Monday, June 21, 2010

To Pride Week With Love


I have always been enamoured by gay culture and its essential family structure. The extravagance of drag queens and ballrooms; the duck walks, suicide dips, "sashay chante" - I have an infatuation with it all! I add "Paris is Burning," "Stonewall Uprising," "To Wongfoo: Thanks for Everything Julie Newmar," and "Priscilla: Queen of the Dessert," to my Net-Flix list. This is clearly no one night love affair.
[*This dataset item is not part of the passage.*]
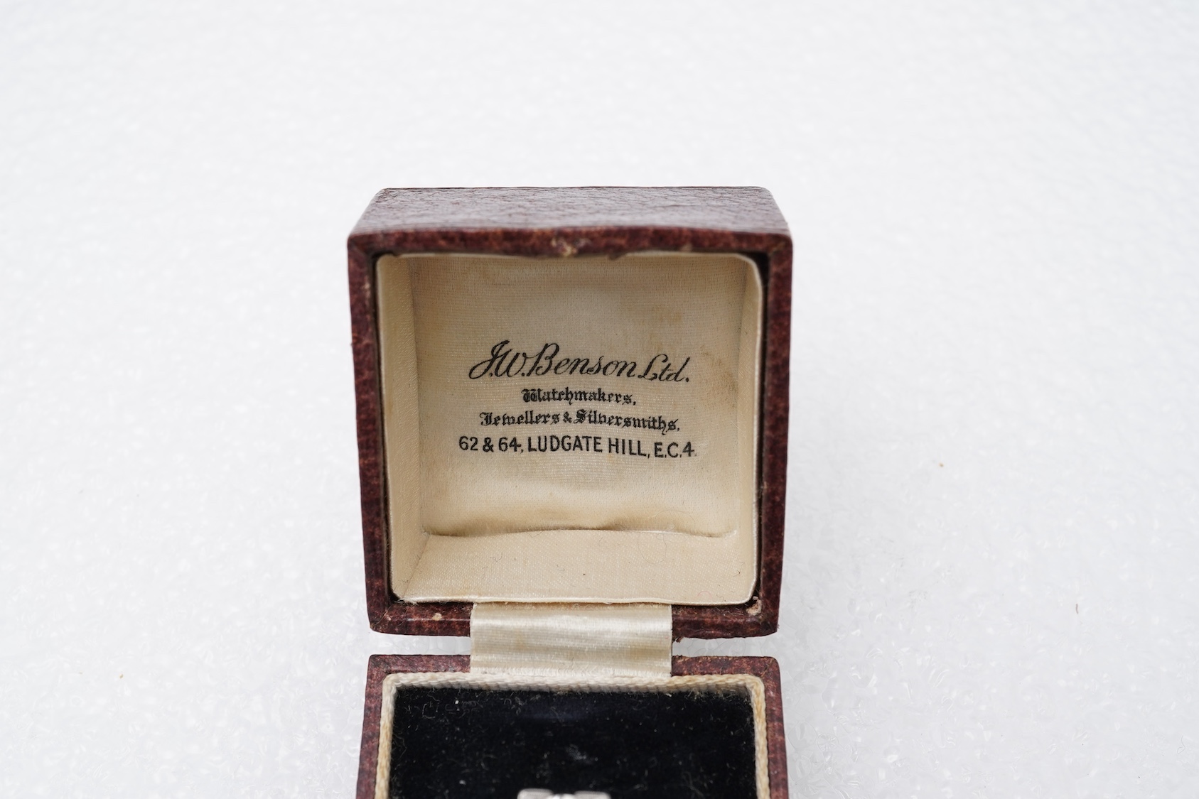 In good condition, central diamond estimated colour J/K, estimated clarity VS, med-strong blue fluorescence.

Growing up in a very open family, my mother never shied me away from her bevy of gay friends: men who were loud, abrasive yet charming, funny, witty, and everything "normal" men weren't - I loved them. After the death of my father, I yearned for a male in my life;  and in some weird way they were exactly what I needed. They exuded femininity more than any woman I knew but you KNEW they were men - they were strong without signs of forced or excessive masculinity. They walked the fine line at times, with some women heartbroken after realizing that their love would ultimately be un-requited. They ultimately settled with being their "hags" instead - a fair consolation prize for any homosexual loving woman. From those early experiences, I realized that gay men  - make me laugh effortlessly, check me when necessary and were my support system without question.


Lesbians for me represented the evolution of the modern day woman. "She" never looked the same: masculine, feminine - an enigma. Lesbians break the barriers of "women-oriented" roles and set a tone for what some men wish they could be. I watched female friends struggle with the barrage of "penis-envy" insults and drawn out conversations of being told to get married and have kids. A lot of lesbians DO want marriage and kids - penis not included.
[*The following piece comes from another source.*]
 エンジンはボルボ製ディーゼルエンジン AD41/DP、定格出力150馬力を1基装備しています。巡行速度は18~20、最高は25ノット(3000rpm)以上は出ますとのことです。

In my early 20's, my entire existence was centered around my gay friends. Those were best damn days of my life. Christopher Street, Stonewall, Chi Chi's, The Warehouse, Escuelitas - I was a frequent in the gay club scene. DJ's knew me by name, the go go boys blew me kisses, and the Queens chatted me up between sets. The same with lesbian centered events. Upon meeting my first transgender friend, I instantly sympathized with the idea of feeling trapped in the wrong body. Imagine living your life in a body you feel doesn't belong to you.
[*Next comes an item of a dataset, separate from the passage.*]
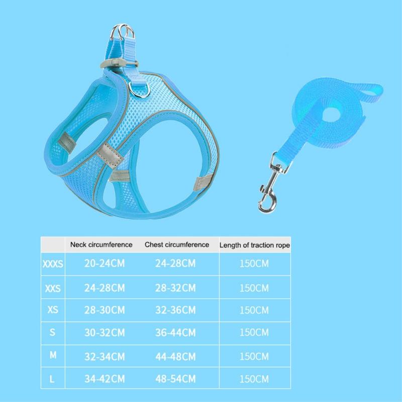 Reflekterande katt-/hundsele med koppel / väst i ventilerande mesh för husdjur

These people's struggles were BEYOND any dramatic episode I ever endured.  And despite any short-comings - they manage to live as happily as they possibly can. It's absolutely admirable. Their courage intimidates hate-mongers, giving them reason to fight against them so ignorantly. With the recent surge in the mainstream media of celebs publicly outing themselves, organizing and participating in California's Proposition 8 protests and participating in the "No H8" campaign, it is slowly becoming "acceptable" to openly live an "alternative lifestyle."

Shows like "The L Word," "Queer As Folk," and "Noah's Ark," shattered the stereotypical images of homosexual living and we rejoiced in the imagery of finally being recognized as human. To see the "real" of same sex relationships and the struggle with acceptance, it gives light to the stereotype of "choosing" to be gay. These shows breathed life into the gay movement as we held viewing parties, and mourned when these shows were taken off the air, settling for whatever "gay character added to Rom com" show the networks were kind enough to give us.  Thank God for new shows like "The Real L Word," and channels like LOGO, a channel that some might call solace.

With an entire week to celebrate, we will spend this week discussing gay culture and its influence in the Big Apple. From the history of the Stonewall Riots of 1969 to the 2010 NYC Pride Parade taking place on Sunday, June 27th, She's So New York celebrates LGBT pride with our friends and family and will continue to fight for the day when same sex loving people can love as freely and as openly as possible.